### [EXERCISE DATA]
——

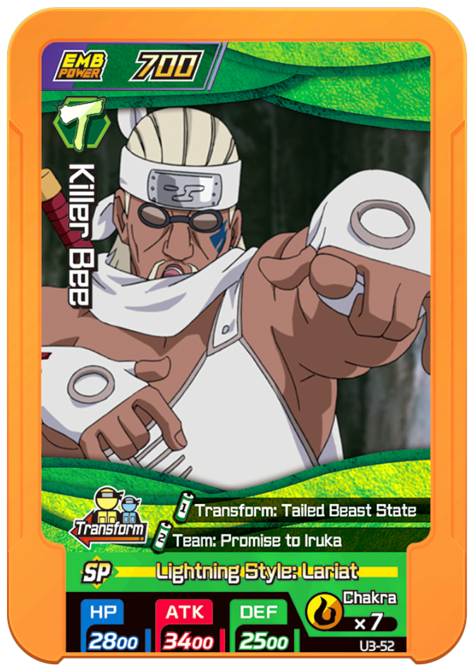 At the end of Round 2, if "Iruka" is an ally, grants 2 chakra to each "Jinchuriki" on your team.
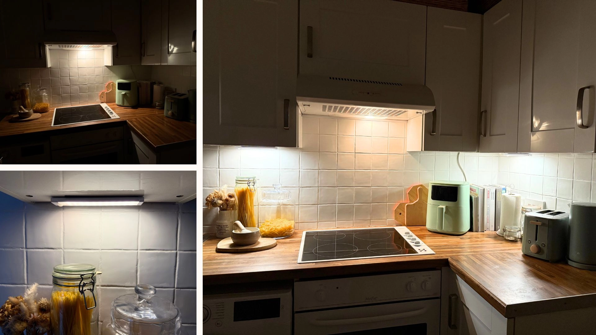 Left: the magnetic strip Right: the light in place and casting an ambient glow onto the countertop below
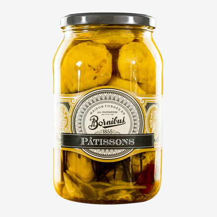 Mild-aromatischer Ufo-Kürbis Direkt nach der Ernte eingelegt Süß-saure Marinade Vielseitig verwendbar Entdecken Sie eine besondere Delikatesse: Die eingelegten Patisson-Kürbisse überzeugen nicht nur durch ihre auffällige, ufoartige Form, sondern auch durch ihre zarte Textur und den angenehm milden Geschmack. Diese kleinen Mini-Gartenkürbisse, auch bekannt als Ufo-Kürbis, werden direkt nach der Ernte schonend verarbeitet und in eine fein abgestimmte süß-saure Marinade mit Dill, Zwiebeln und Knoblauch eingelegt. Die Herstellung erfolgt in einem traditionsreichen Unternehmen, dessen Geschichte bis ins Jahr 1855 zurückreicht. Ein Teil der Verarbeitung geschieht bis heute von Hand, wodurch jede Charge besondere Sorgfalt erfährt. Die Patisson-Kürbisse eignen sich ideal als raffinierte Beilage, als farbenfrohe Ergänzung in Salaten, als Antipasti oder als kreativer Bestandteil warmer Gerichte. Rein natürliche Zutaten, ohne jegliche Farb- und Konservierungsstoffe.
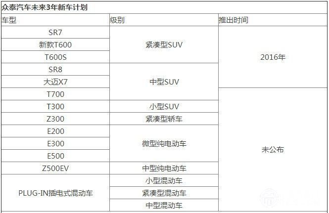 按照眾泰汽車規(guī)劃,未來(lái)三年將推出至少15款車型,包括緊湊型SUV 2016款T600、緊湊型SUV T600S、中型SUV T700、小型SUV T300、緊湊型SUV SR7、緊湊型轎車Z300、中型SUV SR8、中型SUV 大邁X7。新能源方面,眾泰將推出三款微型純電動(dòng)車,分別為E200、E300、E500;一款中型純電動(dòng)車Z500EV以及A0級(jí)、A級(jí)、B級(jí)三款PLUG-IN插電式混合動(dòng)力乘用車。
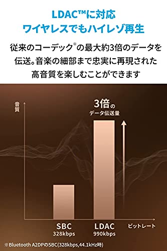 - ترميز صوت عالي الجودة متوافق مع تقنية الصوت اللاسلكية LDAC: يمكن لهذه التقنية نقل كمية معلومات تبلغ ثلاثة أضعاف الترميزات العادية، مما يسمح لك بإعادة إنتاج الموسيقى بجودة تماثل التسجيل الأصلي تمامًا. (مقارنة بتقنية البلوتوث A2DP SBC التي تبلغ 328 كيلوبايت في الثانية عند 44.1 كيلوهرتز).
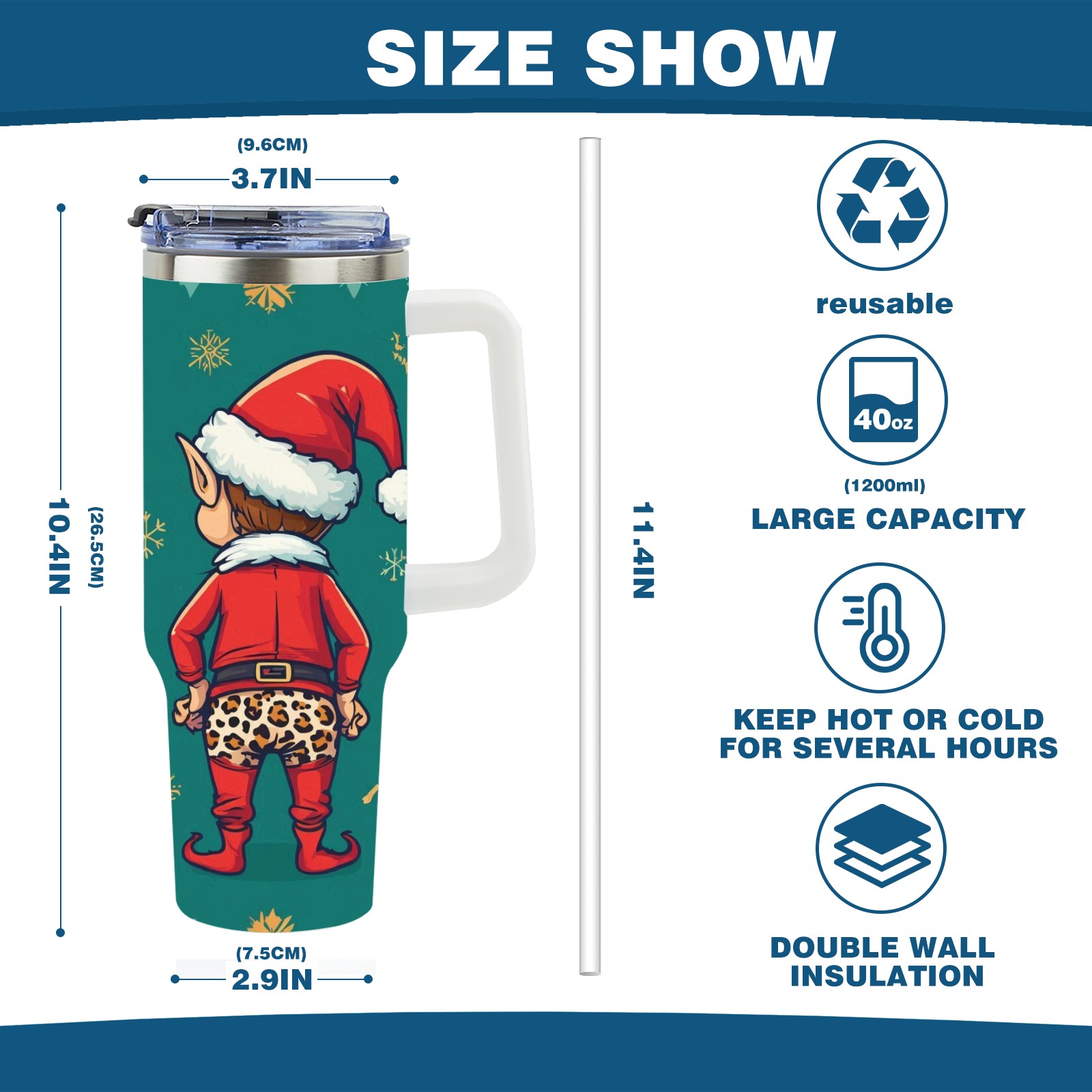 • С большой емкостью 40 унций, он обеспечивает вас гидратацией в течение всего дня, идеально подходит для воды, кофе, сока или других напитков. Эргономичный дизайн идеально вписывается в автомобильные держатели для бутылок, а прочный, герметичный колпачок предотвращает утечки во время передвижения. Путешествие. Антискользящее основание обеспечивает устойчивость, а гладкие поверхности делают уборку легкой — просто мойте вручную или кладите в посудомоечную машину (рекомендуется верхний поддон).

——

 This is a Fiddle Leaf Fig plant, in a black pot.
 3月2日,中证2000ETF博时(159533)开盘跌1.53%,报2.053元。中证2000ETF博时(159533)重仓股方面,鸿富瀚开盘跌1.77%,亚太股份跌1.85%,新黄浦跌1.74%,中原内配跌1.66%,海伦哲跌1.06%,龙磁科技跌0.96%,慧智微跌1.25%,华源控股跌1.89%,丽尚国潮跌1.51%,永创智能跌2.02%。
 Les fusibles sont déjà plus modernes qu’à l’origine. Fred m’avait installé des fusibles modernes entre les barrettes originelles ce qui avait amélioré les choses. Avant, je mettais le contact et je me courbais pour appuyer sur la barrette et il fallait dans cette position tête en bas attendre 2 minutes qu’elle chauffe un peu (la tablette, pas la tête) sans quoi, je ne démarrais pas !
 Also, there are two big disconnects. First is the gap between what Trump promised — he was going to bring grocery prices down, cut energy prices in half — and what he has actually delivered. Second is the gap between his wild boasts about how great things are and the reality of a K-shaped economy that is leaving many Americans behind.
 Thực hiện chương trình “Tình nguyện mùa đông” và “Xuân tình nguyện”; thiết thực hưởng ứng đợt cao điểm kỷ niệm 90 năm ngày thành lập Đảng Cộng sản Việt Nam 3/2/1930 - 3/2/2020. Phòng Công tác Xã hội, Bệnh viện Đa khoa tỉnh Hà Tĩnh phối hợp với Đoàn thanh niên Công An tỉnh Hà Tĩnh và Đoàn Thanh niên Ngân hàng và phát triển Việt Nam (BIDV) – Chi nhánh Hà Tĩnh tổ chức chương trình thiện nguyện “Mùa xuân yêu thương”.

——

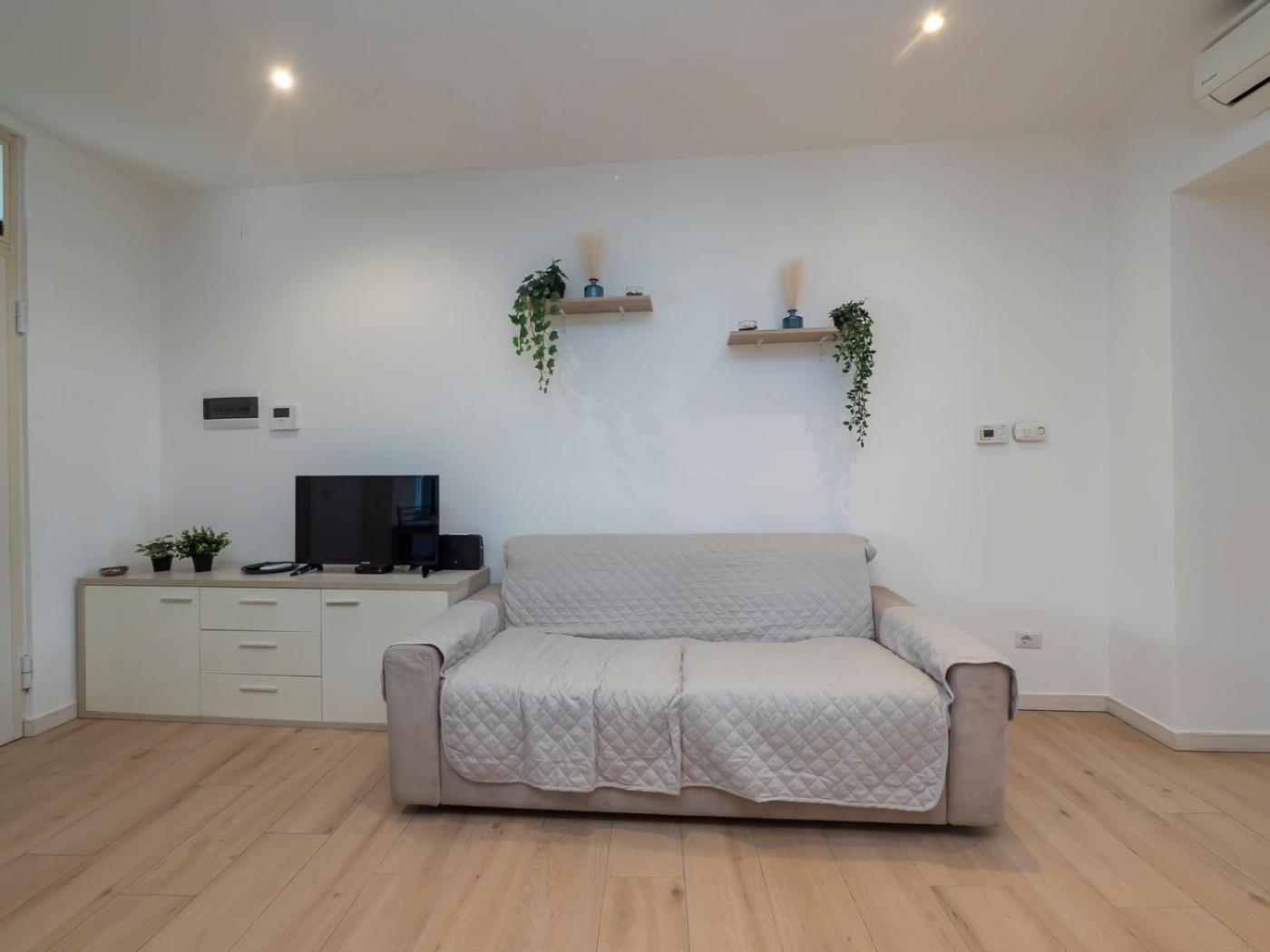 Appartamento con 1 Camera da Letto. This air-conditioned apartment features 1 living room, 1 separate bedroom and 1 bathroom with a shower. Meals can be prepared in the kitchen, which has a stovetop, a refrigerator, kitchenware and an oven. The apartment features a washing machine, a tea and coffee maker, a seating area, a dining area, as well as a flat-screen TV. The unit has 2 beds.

——

Copy only what lies between the line with "At the end of" and the line with "Left: the magnetic", those two lines included, exactly as given above; pictures stay out.

### [REPLY TO THE EXERCISE]
 At the end of Round 2, if "Iruka" is an ally, grants 2 chakra to each "Jinchuriki" on your team.
 Left: the magnetic strip Right: the light in place and casting an ambient glow onto the countertop below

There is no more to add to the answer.